Work to complete
Your output must be the lines below from the line containing "Then, a little" to the line containing "The critical illness", both lines included, reproduced exactly and without pictures.

Excerpted data

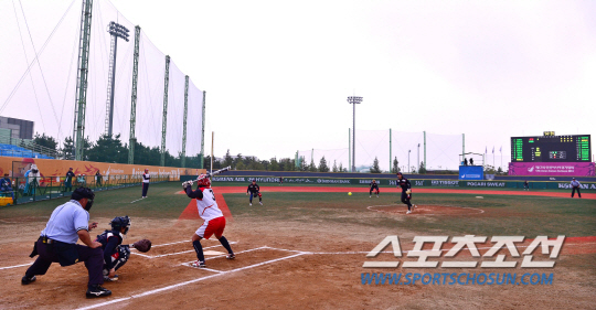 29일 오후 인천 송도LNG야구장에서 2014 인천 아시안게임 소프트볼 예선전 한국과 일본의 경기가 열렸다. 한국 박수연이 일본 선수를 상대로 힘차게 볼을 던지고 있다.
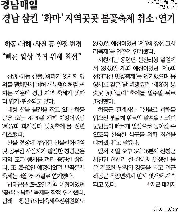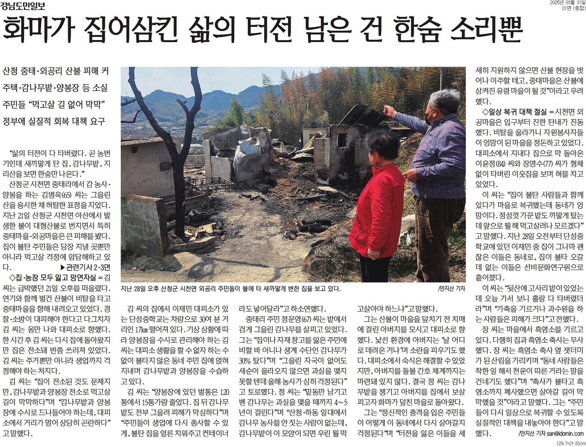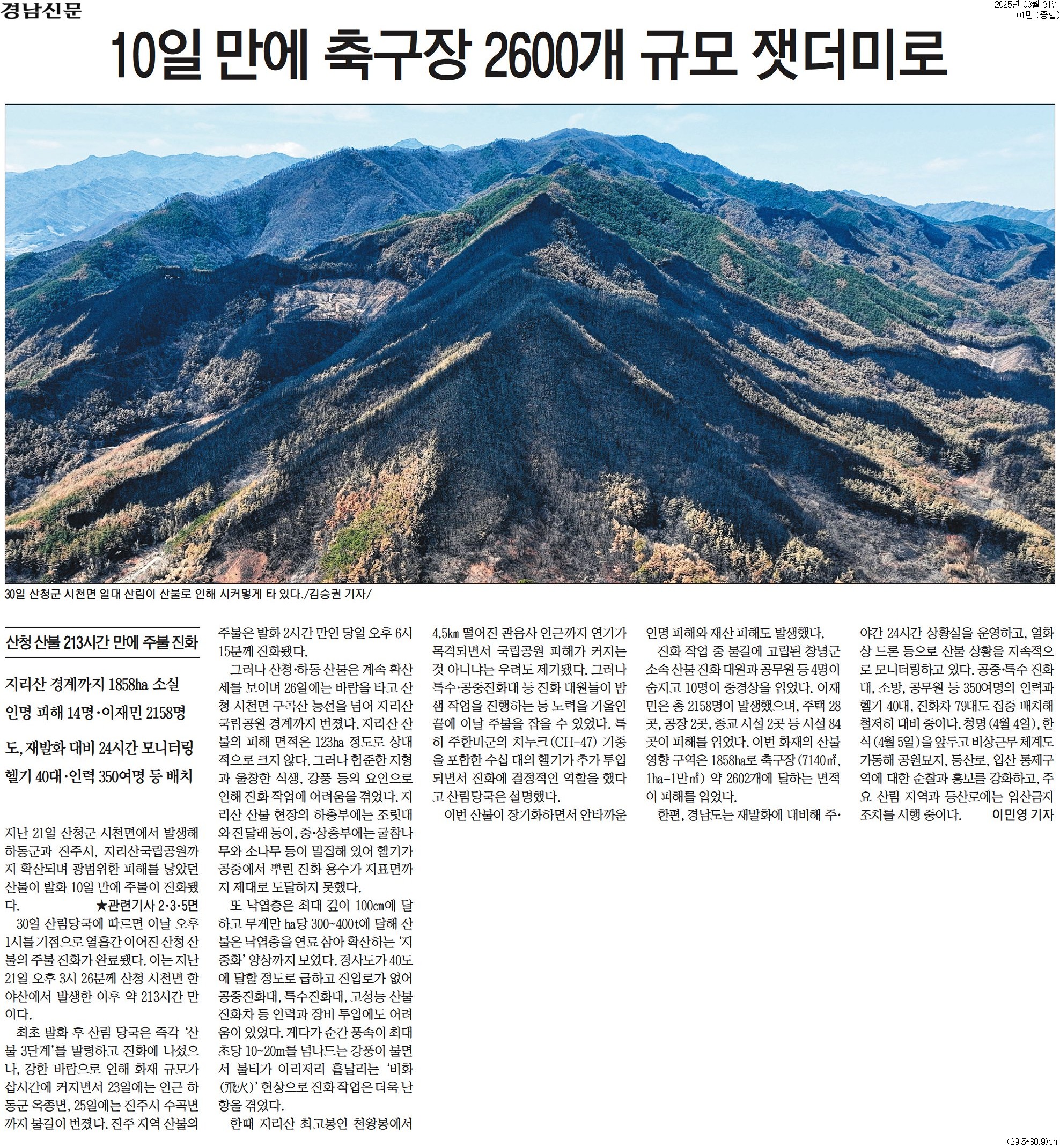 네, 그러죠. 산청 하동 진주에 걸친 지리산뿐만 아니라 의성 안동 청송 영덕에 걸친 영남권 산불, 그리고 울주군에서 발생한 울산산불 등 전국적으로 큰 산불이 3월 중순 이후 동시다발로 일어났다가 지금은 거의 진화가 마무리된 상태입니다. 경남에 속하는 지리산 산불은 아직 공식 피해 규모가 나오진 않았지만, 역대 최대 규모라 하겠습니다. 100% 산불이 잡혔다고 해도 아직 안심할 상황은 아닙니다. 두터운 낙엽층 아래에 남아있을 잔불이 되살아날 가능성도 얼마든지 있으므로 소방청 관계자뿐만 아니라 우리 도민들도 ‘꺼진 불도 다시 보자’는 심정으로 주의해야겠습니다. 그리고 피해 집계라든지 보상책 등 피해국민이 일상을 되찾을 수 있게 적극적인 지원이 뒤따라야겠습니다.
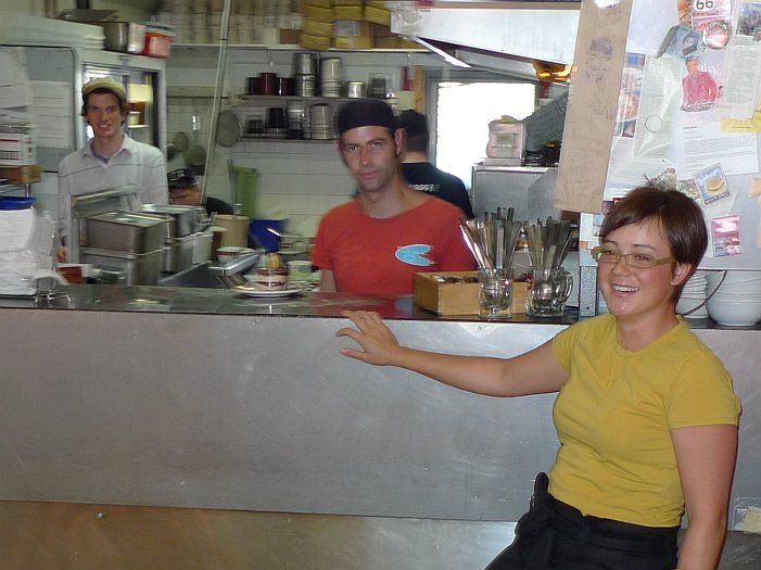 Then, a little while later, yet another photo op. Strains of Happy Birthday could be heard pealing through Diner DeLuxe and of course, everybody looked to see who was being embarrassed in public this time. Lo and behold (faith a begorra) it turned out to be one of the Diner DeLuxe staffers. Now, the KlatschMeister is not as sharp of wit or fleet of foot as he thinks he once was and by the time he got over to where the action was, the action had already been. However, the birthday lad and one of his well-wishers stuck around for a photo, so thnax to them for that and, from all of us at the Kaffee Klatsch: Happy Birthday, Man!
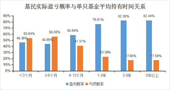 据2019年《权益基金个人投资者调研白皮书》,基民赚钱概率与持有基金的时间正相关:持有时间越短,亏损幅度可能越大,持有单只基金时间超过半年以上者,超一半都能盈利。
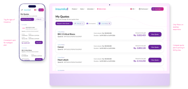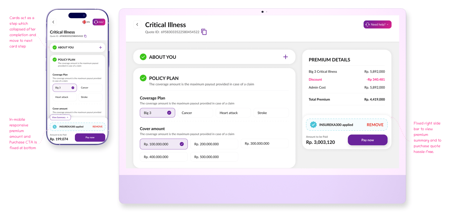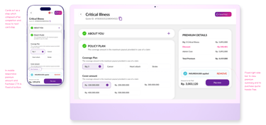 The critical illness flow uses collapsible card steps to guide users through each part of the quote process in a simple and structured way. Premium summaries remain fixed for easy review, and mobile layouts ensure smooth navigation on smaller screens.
---
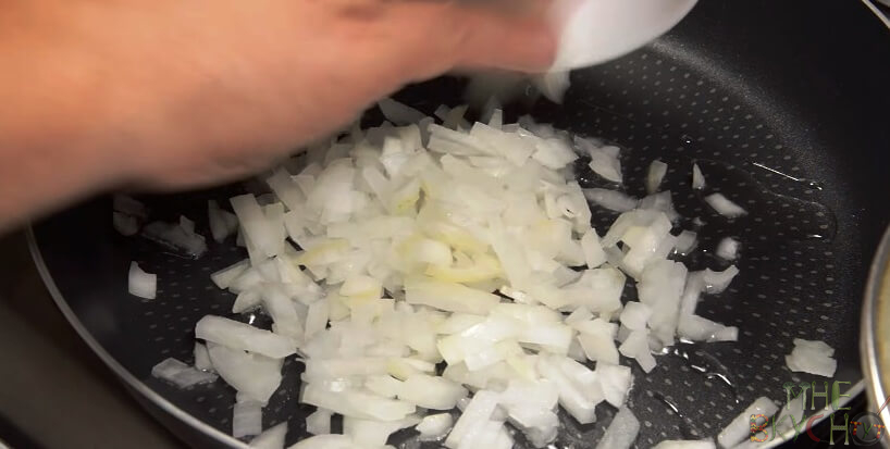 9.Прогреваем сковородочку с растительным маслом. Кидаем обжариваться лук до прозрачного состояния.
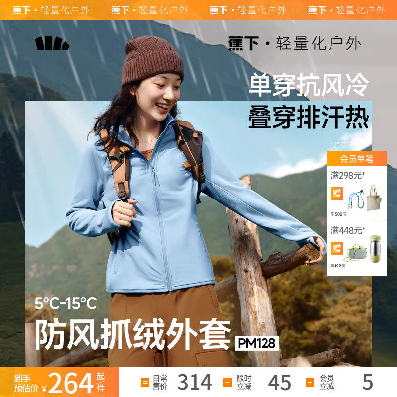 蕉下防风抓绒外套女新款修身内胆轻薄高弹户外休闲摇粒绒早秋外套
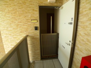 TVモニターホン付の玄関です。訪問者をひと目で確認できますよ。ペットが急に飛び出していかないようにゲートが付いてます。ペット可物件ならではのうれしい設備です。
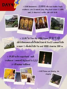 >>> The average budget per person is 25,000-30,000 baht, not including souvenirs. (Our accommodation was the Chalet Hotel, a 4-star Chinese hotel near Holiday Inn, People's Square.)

Result of this task
 Then, a little while later, yet another photo op. Strains of Happy Birthday could be heard pealing through Diner DeLuxe and of course, everybody looked to see who was being embarrassed in public this time. Lo and behold (faith a begorra) it turned out to be one of the Diner DeLuxe staffers. Now, the KlatschMeister is not as sharp of wit or fleet of foot as he thinks he once was and by the time he got over to where the action was, the action had already been. However, the birthday lad and one of his well-wishers stuck around for a photo, so thnax to them for that and, from all of us at the Kaffee Klatsch: Happy Birthday, Man!
 据2019年《权益基金个人投资者调研白皮书》,基民赚钱概率与持有基金的时间正相关:持有时间越短,亏损幅度可能越大,持有单只基金时间超过半年以上者,超一半都能盈利。
 The critical illness flow uses collapsible card steps to guide users through each part of the quote process in a simple and structured way. Premium summaries remain fixed for easy review, and mobile layouts ensure smooth navigation on smaller screens.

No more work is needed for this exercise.